ESSEX is gripped by a “micro-pandemic” of knife crime with a four-fold rise in offences in seven years.

Official data shows Essex Police recorded 1,123 offences involving a knife or sharp weapon in 2019-20.

This was up from just 257 reported in 2012-13 when comparable data was first published.

The question is what we can do collectively do tackle the crisis.

Southend campaign group Young Lives Matter has joined with UK charity Take A Knife Save A Life as they work determinedly to ram home the anti-knife message.

The partnership comes just a week after the murder of 18-year-old Luke Bellfield, who was stabbed in Old Leigh last Friday.

Just two days after the teen’s murder, another knife incident occurred in Chalkwell Park where a teen was chased by a group of boys with a machete.

The campaign groups have now spelled out their plans to share projects and raise awareness of the danger of carrying or using a knife.

Young Lives Matter and TAKSAL are now working deter the use of knives in the county by educating children and getting them off the streets.

Mac Pemhiwa and Alex Waite founded the Young Lives Matter movement in 2018 and hosted their first event in Southend’s Garon Park to celebrate the life of Fabian Kacica, who lost his life to a knife.

Mac, 31, attended Belfairs School in Leigh and is now working to get kids in Southend educated about the consequences of carrying knives.

He said: “During lockdown we haven’t been able to go out and do knife crime awareness but I have been doing as much as I can on social media and being active through Young Lives Matter.

“TAKSAL is based in Barking where they’re doing a similar thing to raise awareness and they have different projects going on.

“It made sense that if we were working on the same thing we could work together and bring what they’re doing in Barking to tackle knife crime to Southend.”

Mac wants schools to become more active and play a bigger part in the crackdown.

He added: “I think it’s very important that schools get involved in this work. Schools have been acting very naively and turning a blind eye to kids carrying knives.

“One of the things we will be doing is working with ex-offenders and get them going into schools and speaking to teens about the consequences – from people who carry knives, gang members and drug dealers.

“We have to be hard hitting with kids. They have become so desensitised.”

Andrew Hampton, headteacher at Thorpe Hall school said they work to do everything they can to remind pupils how dangerous knife crime is.

He said: “We were shocked to read the tragic news of the fatal stabbing in Leigh-on-Sea last week. At Thorpe Hall we include ‘street wise’ lessons as part of our PSHE programme and do all we can to remind pupils how dangerous and present knife crime can be.”

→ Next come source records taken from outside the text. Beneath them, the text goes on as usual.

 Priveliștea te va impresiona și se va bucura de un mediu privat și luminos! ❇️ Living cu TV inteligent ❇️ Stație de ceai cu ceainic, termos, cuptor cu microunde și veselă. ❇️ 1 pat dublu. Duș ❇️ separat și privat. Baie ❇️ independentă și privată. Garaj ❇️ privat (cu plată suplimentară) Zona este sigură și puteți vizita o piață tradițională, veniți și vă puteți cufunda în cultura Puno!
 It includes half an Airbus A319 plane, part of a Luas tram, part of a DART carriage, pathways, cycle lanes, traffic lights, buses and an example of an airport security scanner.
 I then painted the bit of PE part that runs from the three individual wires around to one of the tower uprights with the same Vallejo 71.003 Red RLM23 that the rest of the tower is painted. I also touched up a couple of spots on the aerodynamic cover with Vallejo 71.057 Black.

The council has been leading a nationally recognised campaign, See The Signs, since 2018 in partnership with the police.

Leader of the council, Ian Gilbert, said: “This has aimed to target both children and parents about the risks of child exploitation, county lines and knife crime. As part of this campaign we have developed school-based ‘see the signs’ workshops which have been facilitated in schools since 2019.

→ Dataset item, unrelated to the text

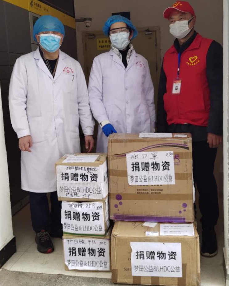 该公益组织于2月26日向鹤峰县中心医院捐赠了N95口罩280个、丁腈手套1500双、护目镜110副。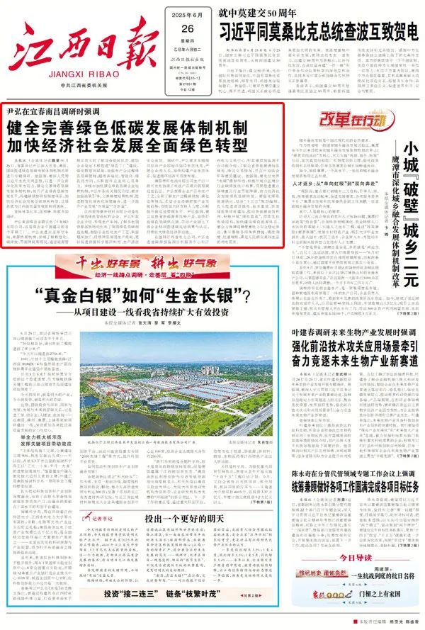 大江網/大江新聞客戶端訊 江西日報全媒體記者魏星報道:6月25日,省委書記尹弘深入宜春、南昌,圍繞推進綠色低碳發展體制機制改革進行專題調研。他強調,要深入貫徹習近平生態文明思想,以進一步全面深化改革為動力,健全完善綠色低碳發展體制機制,提升產業綠色低碳發展水平,構建碳排放雙控制度體系,加快經濟社會發展全面綠色轉型,讓綠色成為江西高質量發展的鮮明底色。

“We have delivered the programme to approximately 7,500 students in over 40 of the schools in the borough for those aged nine to 17 years old, and we will again return to schools soon and as national restrictions are eased.”

Mac is now a professional boxer and believes he can also “give back to the community” by using his work to get kids off the streets.

Mac added: “I’m trying to get some funding going so I can get a facility and get kids off the streets and into training with me boxing. “We need our ministers to be held accountable. Us in the community, we’re doing our part but the people that can make a change and put through legislation need to play their part as we battle this, I would say, micro pandemic.”

Mohamed-Sami Mbarki, project manager for TAKSAL, is preparing for the increase in knife crime they’re expecting to see post-Covid.

He said: “Pre-Covid it was bad but now it’s going to be three times worse.

“I’m scared because I have my kids growing up in this. We need to start preventing knife crime and making deterrents.”